• **Entries shown**
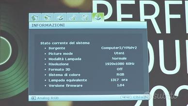 Vendo per passaggio a sistema 4K il mio fedele BenQ W1070, proiettore che ha fatto la storia dell'Home Cinema per l'incredibile qualità dei colori e la nitidezza Full HD. STATO DELL'APPARECCHIO: Il proiettore a livello di ottica e di immagine proiettata è PERFETTO: colori brillanti, nessuna macchia e ottima luminosità. Nota tecnica sulla connettività: Le porte HDMI integrate non sono funzionanti. Il proiettore viene utilizzato regolarmente tramite l'ingresso VGA, che supporta comunque l'alta definizione. KIT SOLUZIONE INCLUSO NEL PREZZO: Per rendere il proiettore pronto all'uso immediato con qualsiasi sorgente moderna (PC, Blu-ray, Console, Sky), includo nel prezzo tutto il necessario: Adattatore convertitore da HDMI a VGA (permette di collegare cavi HDMI standard). Cavo professionale HDMI da 15 metri di alta qualità. Telecomando originale e cavo di alimentazione. CARATTERISTICHE: Risoluzione Full HD 1080p. Tecnologia DLP per neri profondi. Supporto 3D. Lens Shift verticale (comodissimo per l'installazione). È la soluzione ideale per chi vuole un grande schermo cinematografico spendendo pochissimo, avendo già tutto il kit di cavi pronto per l'installazione a soffitto o su mensola
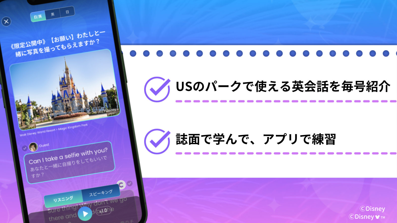 なお、誌面に掲載した会話シーンは「ディズニー ファンタスピーク」の無料エリアにて、音声再生とスピーキングの練習が期間限定で無料でできます。
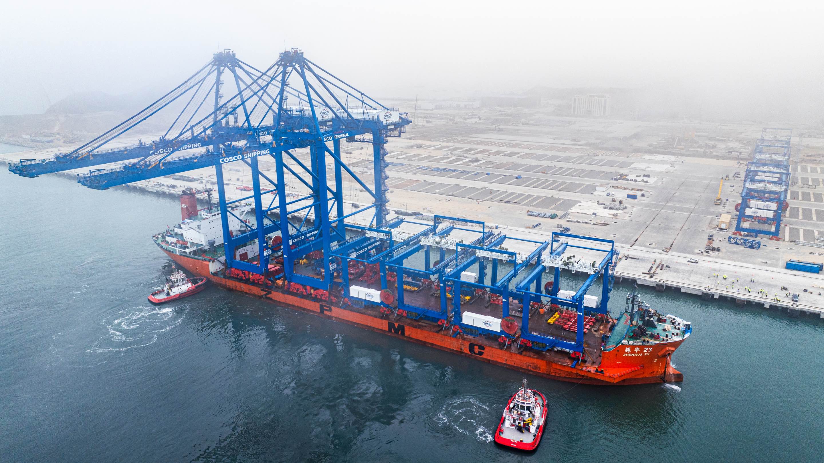 錢凱港位於秘魯瓦拉爾省錢凱區,距離首都利馬市約80公里。作為中秘高質量共建「一帶一路」合作的旗艦項目,錢凱港是由中國中遠海運承建的高容量港口,中遠海運取得獨家經營權。錢凱港項目一期工程始建於2021年,港口能停靠18000標準箱的超大型集裝箱船,可實現近期每年100萬、遠期150萬標準箱的設計吞吐能力。
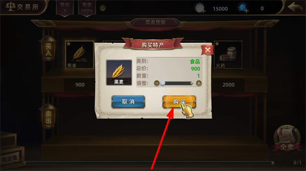 4、在交易所可購買黑麥等特產,選擇數量后點擊購買按鈕完成交易,通過買賣貨物參與航海貿易。
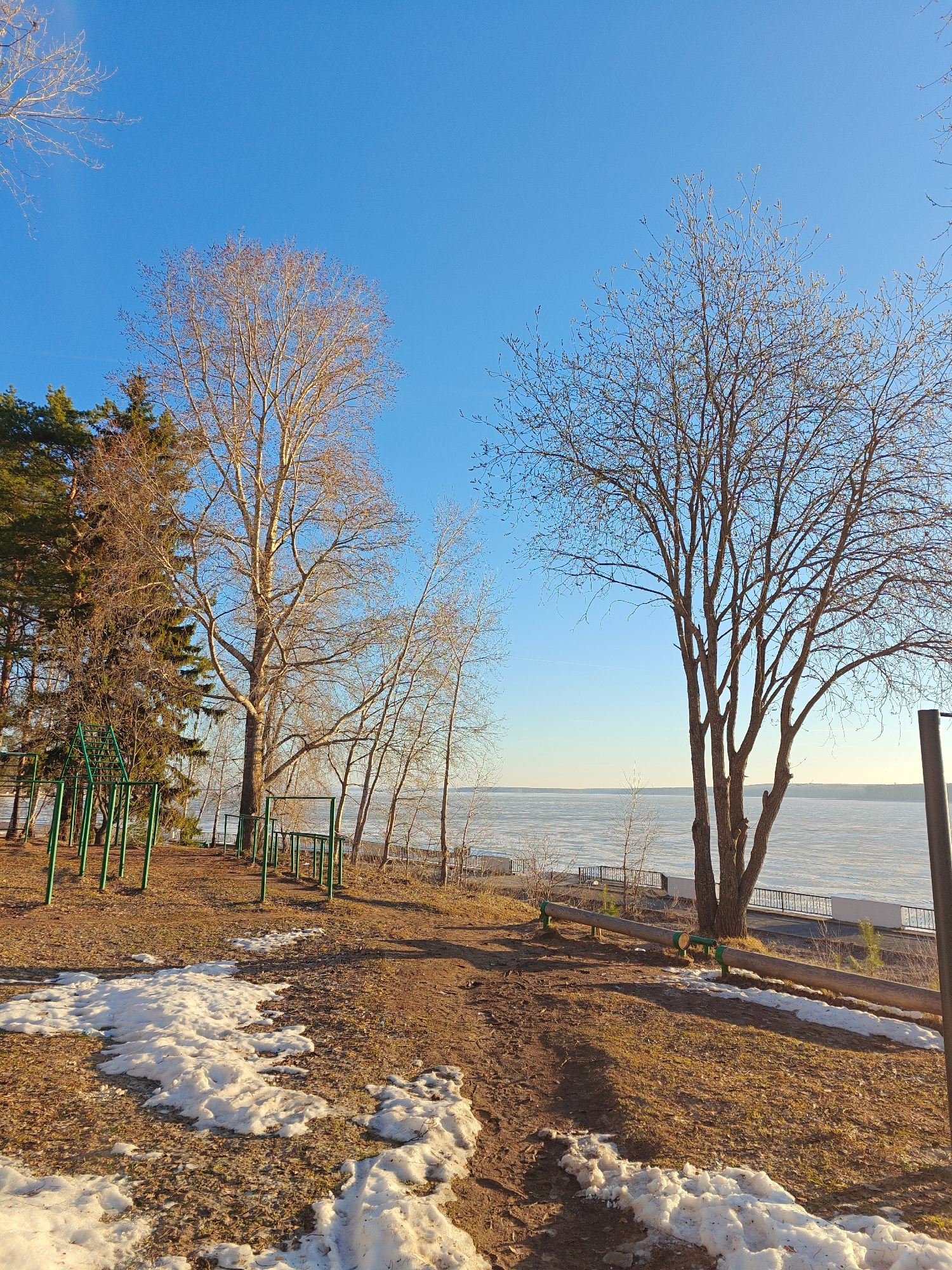 The image depicts a scene in Chaikovsky, Russia, with a clear blue sky above. The foreground features a dirt path with patches of melting snow. To the left, there is a playground area with green metalβ¦read more
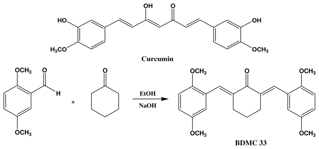 BDMC33 or 2,6-bis(2,5-dimethoxybenzylidene)cyclohexanone was chemically synthesized (Figure 1b) at the Institute of Bioscience, Universiti Putra Malaysia as describe previously [25].

• **What the exercise asks**
Transcribe the whole listing exactly. Pictures stay out of your copy.

• **Solution for this problem**
 Vendo per passaggio a sistema 4K il mio fedele BenQ W1070, proiettore che ha fatto la storia dell'Home Cinema per l'incredibile qualità dei colori e la nitidezza Full HD. STATO DELL'APPARECCHIO: Il proiettore a livello di ottica e di immagine proiettata è PERFETTO: colori brillanti, nessuna macchia e ottima luminosità. Nota tecnica sulla connettività: Le porte HDMI integrate non sono funzionanti. Il proiettore viene utilizzato regolarmente tramite l'ingresso VGA, che supporta comunque l'alta definizione. KIT SOLUZIONE INCLUSO NEL PREZZO: Per rendere il proiettore pronto all'uso immediato con qualsiasi sorgente moderna (PC, Blu-ray, Console, Sky), includo nel prezzo tutto il necessario: Adattatore convertitore da HDMI a VGA (permette di collegare cavi HDMI standard). Cavo professionale HDMI da 15 metri di alta qualità. Telecomando originale e cavo di alimentazione. CARATTERISTICHE: Risoluzione Full HD 1080p. Tecnologia DLP per neri profondi. Supporto 3D. Lens Shift verticale (comodissimo per l'installazione). È la soluzione ideale per chi vuole un grande schermo cinematografico spendendo pochissimo, avendo già tutto il kit di cavi pronto per l'installazione a soffitto o su mensola
 なお、誌面に掲載した会話シーンは「ディズニー ファンタスピーク」の無料エリアにて、音声再生とスピーキングの練習が期間限定で無料でできます。
 錢凱港位於秘魯瓦拉爾省錢凱區,距離首都利馬市約80公里。作為中秘高質量共建「一帶一路」合作的旗艦項目,錢凱港是由中國中遠海運承建的高容量港口,中遠海運取得獨家經營權。錢凱港項目一期工程始建於2021年,港口能停靠18000標準箱的超大型集裝箱船,可實現近期每年100萬、遠期150萬標準箱的設計吞吐能力。
 4、在交易所可購買黑麥等特產,選擇數量后點擊購買按鈕完成交易,通過買賣貨物參與航海貿易。
 The image depicts a scene in Chaikovsky, Russia, with a clear blue sky above. The foreground features a dirt path with patches of melting snow. To the left, there is a playground area with green metalβ¦read more
 BDMC33 or 2,6-bis(2,5-dimethoxybenzylidene)cyclohexanone was chemically synthesized (Figure 1b) at the Institute of Bioscience, Universiti Putra Malaysia as describe previously [25].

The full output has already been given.